Source data:
*** Block opens ***

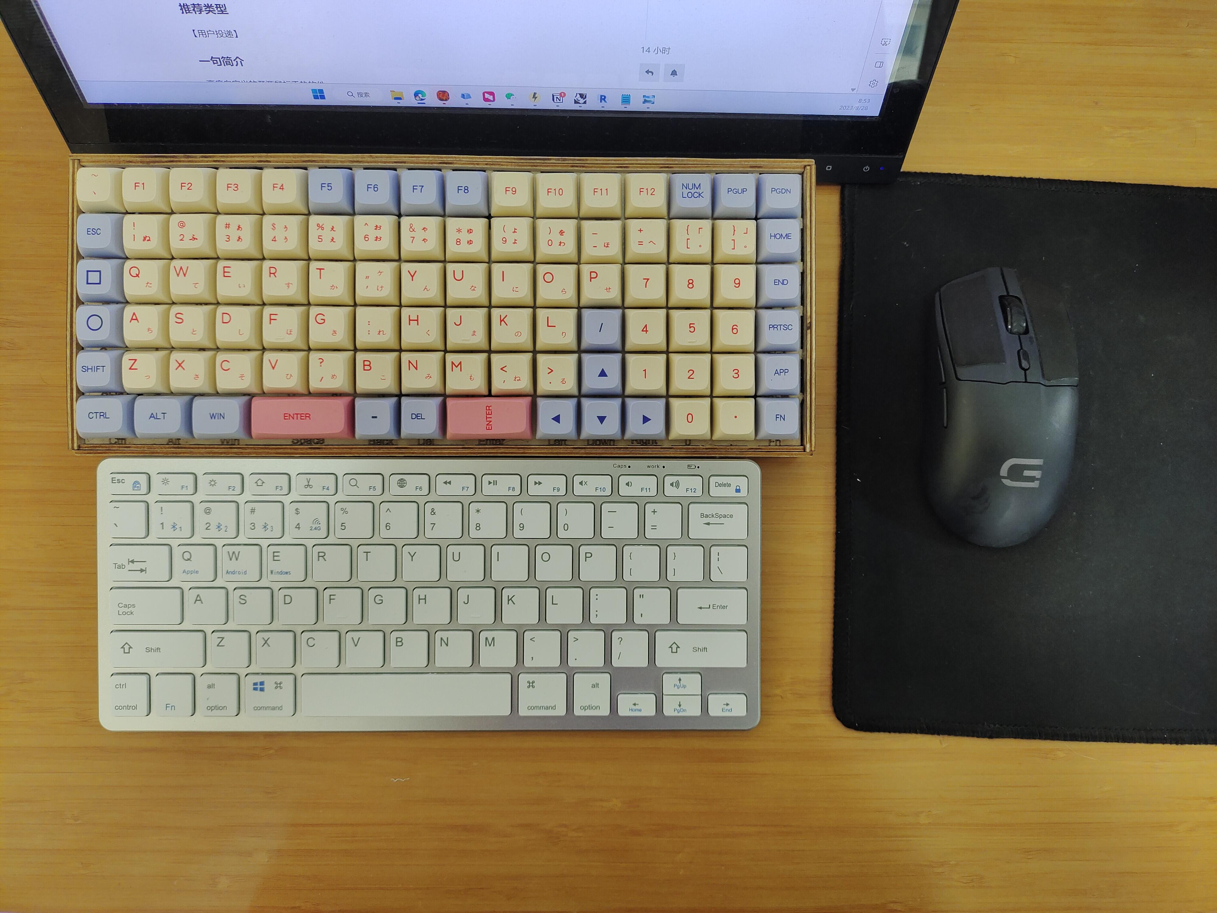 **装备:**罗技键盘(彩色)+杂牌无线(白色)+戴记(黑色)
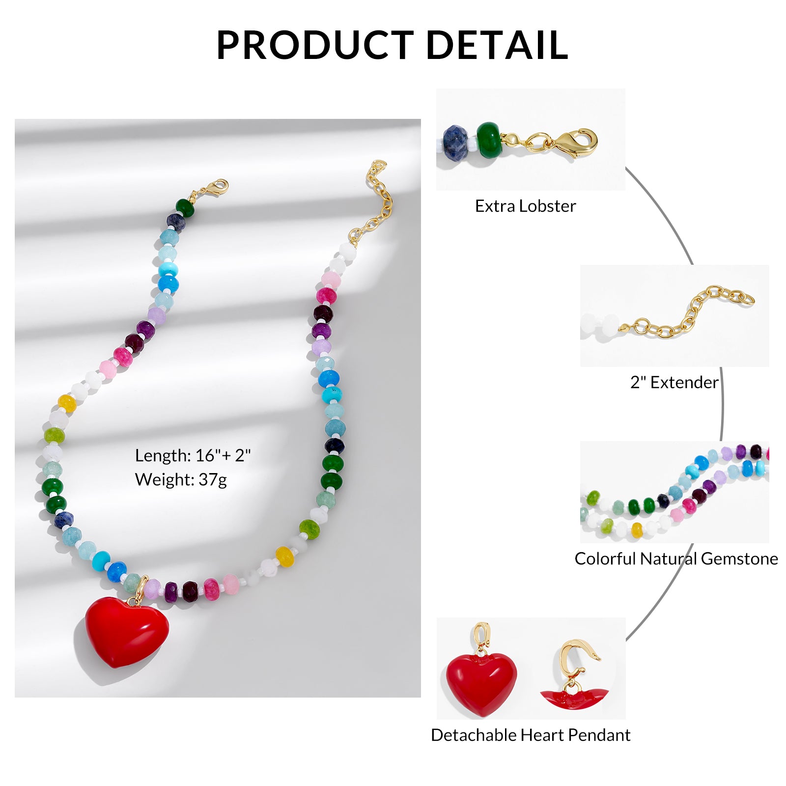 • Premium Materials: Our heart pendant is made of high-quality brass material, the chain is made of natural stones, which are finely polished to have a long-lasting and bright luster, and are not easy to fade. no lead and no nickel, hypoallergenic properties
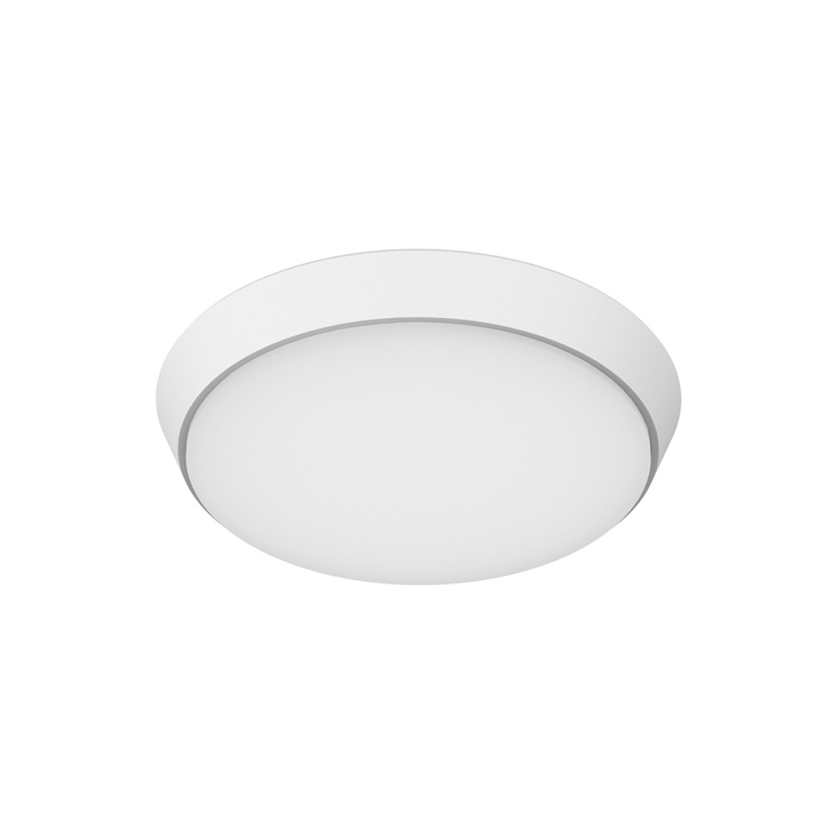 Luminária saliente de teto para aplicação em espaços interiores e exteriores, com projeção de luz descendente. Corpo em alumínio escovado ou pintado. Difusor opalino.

*** Block closes ***

Work instructions: Repeat all the data as it stands, dropping any images it holds.

Response for this exercise:
 **装备:**罗技键盘(彩色)+杂牌无线(白色)+戴记(黑色)
 • Premium Materials: Our heart pendant is made of high-quality brass material, the chain is made of natural stones, which are finely polished to have a long-lasting and bright luster, and are not easy to fade. no lead and no nickel, hypoallergenic properties
 Luminária saliente de teto para aplicação em espaços interiores e exteriores, com projeção de luz descendente. Corpo em alumínio escovado ou pintado. Difusor opalino.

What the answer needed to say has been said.